Intriguingly, some antiviral proteins are synthesised in response to infection, while others are present ‘at rest’ until a virus arrives. The latter cohort is difficult to study because its members are invisible to techniques that measure protein abundance gradients.  We seek to illuminate this group because its members likely exhibit new kinds of antiviral mechanisms whose dynamic regulation might inspire new ideas for therapies.

Primarily, our group focuses on a class of enzyme called an E3 ubiquitin ligase (E3). E3s regulate all cellular processes by attaching a small protein called ubiquitin to other proteins, altering their behaviour or forming ‘messages’ that are transmitted through the cell. Several E3s have known roles in antiviral immunity, suggesting other members of this family of enzymes might also harbour cryptic antiviral behaviour. Moreover, so pervasive is ubiquitin that monitoring E3s during infection provides a panorama of cell-virus interactions.

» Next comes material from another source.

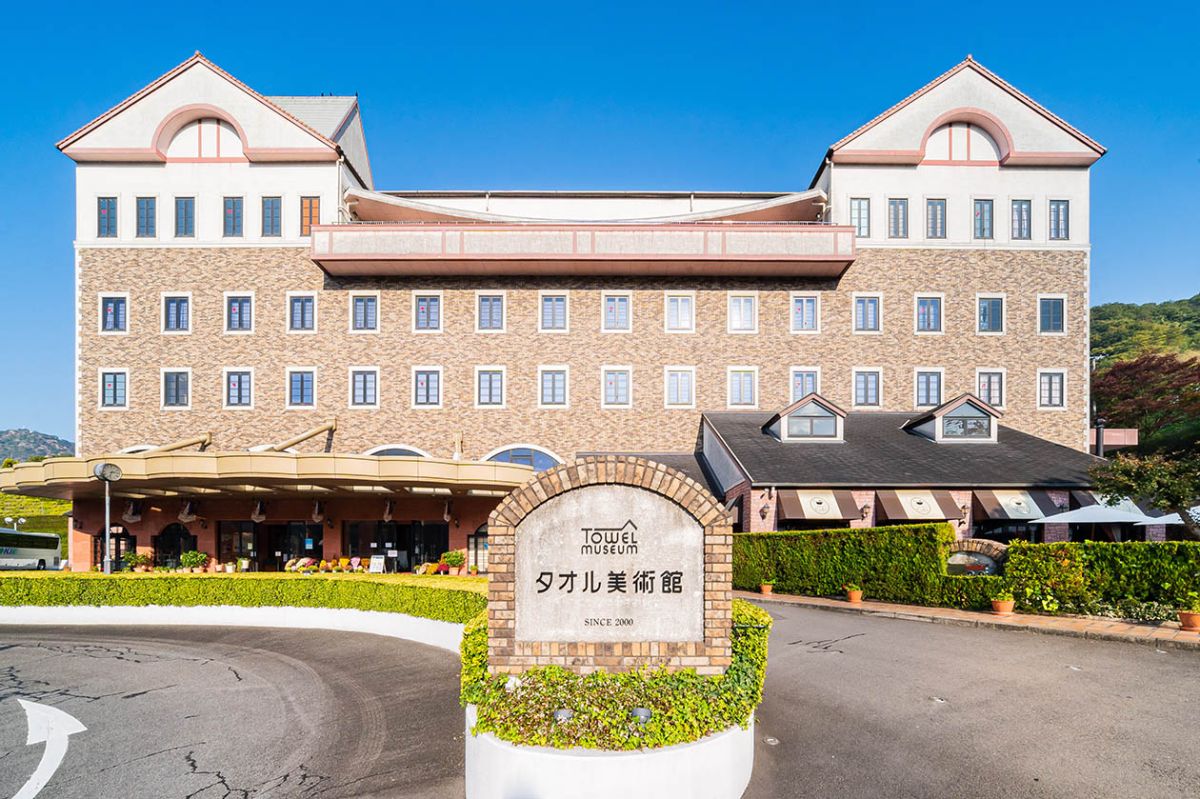 タオルの産地として知られる愛媛県今治市にある「タオル美術館」。自社ブランド製品の生産・販売など全国に約80店展開するタオル美術館グループが運営するミュージアムです。緑に包まれたクラシックな洋風の佇まいも素敵です。
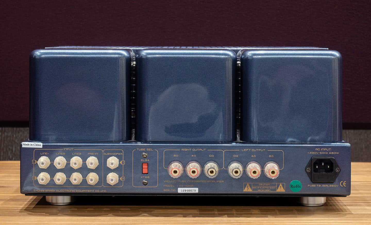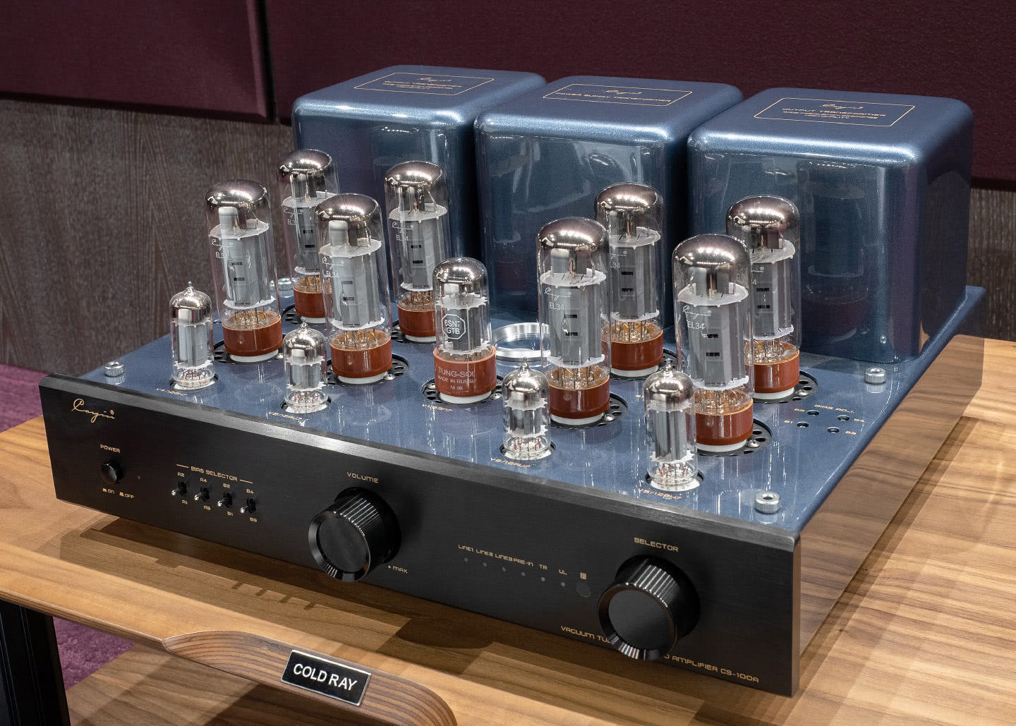 Это существенно сократило выбор кандидатов, однако, подходящий вариант был найден. Им стал Cayin CS-100A — аппарат, буквально созданный для разного рода экспериментов. Его конструкция допускает использование выходных ламп двух типов: тетродов KT88 и пентодов EL34. При этом есть возможность выбора между триодным и ультралинейным режимом с выходной мощностью 50 или 80 Вт на канал, соответственно. При этом схемотехника усилителя в обоих случаях двухтактная, и работает он в классе АВ.

Viruses also use ubiquitin to complete key stages of their lifecycles, like cell egress. Some viruses, including lentiviruses like HIV, sabotage cellular immunity by rewiring host E3s, turning the host on itself to degrade antiviral proteins. Others, like poxviruses, herpesviruses and coronaviruses, encode their own E3s or even ubiquitin ‘erasers’, which they use to disarm the host. Thus, by various means viruses have become fluent in the ubiquitin language and this contributes to their evolutionary success. We focus on coronaviruses and herpesviruses as models to understand how viruses employ or evade ubiquitin. This will provide fundamental insight into innate immunity and signpost toward antiviral development.

Research group members

 

Profile picture of Adam Fletcher 

Adam Fletcher
Principal Investigator 

 Profile picture of Roosa Harmo

Roosa Harmo
Technician 

 Profile picture of Arda Balci

Arda Balci
Research Assistant 

 

Internal Collaborators:

Dr Alfredo Castello

Dr Sam Wilson

Dr Chris Boutell

Dr Ben Brennan

Prof Massimo Palmarini

 

External Collaborators:

Prof Greg Towers (University College London)

Dr Leo James (MRC-LMB)

Prof Satpal Virdee (MRC-PPU, University of Dundee)

Dr Eleanor Gaunt (The Roslin Institute, University of Edinburgh)

 

Grants:

UKRI Future Leaders Fellowship (2021-2025)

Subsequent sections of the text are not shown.